Benefits/Takeaways of this workshop for the attendees (What will attendees do after attending the workshop which they were not able to do before attending this)
After attending this workshop, participants will be able to:
- Identify why many enterprise GenAI initiatives fail despite having access to powerful LLMs.
- Distinguish between Data, Knowledge, Context, and Intelligence layers.
- Design a Context Layer architecture that enables AI agents to reason rather than merely retrieve information.
- Connect siloed enterprise systems through semantic relationships without copying data.
- Apply Context Engineering principles to existing RAG and Agentic AI solutions.
- Evaluate when to use Knowledge Graphs, Ontologies, Metadata Catalogs, or Context Graphs.
- Architect enterprise AI platforms that are:
- Explainable
- Governable
- Scalable
- Agent-ready
- Create a roadmap for implementing context-aware AI in their own organizations.
Basic understanding of:
- GenAI
- LLMs
- RAG
Credentials on NAMS(Neo4j Agent Memory Service), OPENAI KEY
About Speakers
Karan Chellani is a Senior Architect with nearly two decades of experience in Enterprise Architecture, Cloud Transformation, Data Platforms, Artificial Intelligence, and Generative AI. He specializes in designing and delivering large-scale enterprise solutions across cloud, data, and AI ecosystems.
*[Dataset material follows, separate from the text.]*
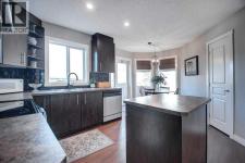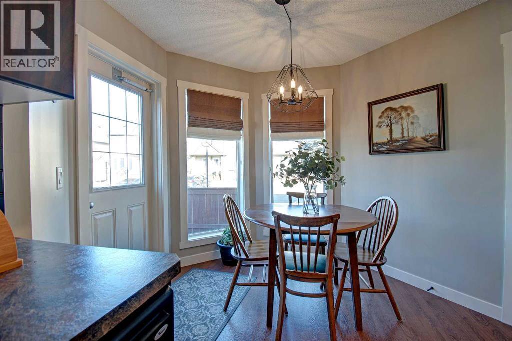 End unit townhouse in Kings Height, Airdrie! This 1,235 sq foot home includes tons of windows for natural light, The spacious living room on the main floor is ready for entertaining, and a beautiful, functional kitchen with a dining nook is ideal for anyone who loves to cook. The natural light continues upstairs in the two generous bedrooms – each with a dedicated ensuite. The larger of the two is currently being used as a bonus room/office. The undeveloped basement houses laundry and plenty of space for storage, as well as future development opportunity. The unit sits on a corner lot and features a private, fenced backyard, two dedicated parking spaces and ample street parking. No need to worry about grass or snow removal, everything is taken care of for you. Located in southwest Airdrie with schools, parks, and shopping at your fingertips, accessing the highway for commuting is also a breeze. Call for more details! (id:6769)

Over the past several years, Karan has led multiple enterprise AI initiatives involving Knowledge Graphs, Retrieval-Augmented Generation (RAG), Agentic AI, Context Engineering, and intelligent enterprise platforms. He has worked extensively with organizations across healthcare, life sciences, manufacturing, and technology sectors to help them transform enterprise knowledge into actionable intelligence.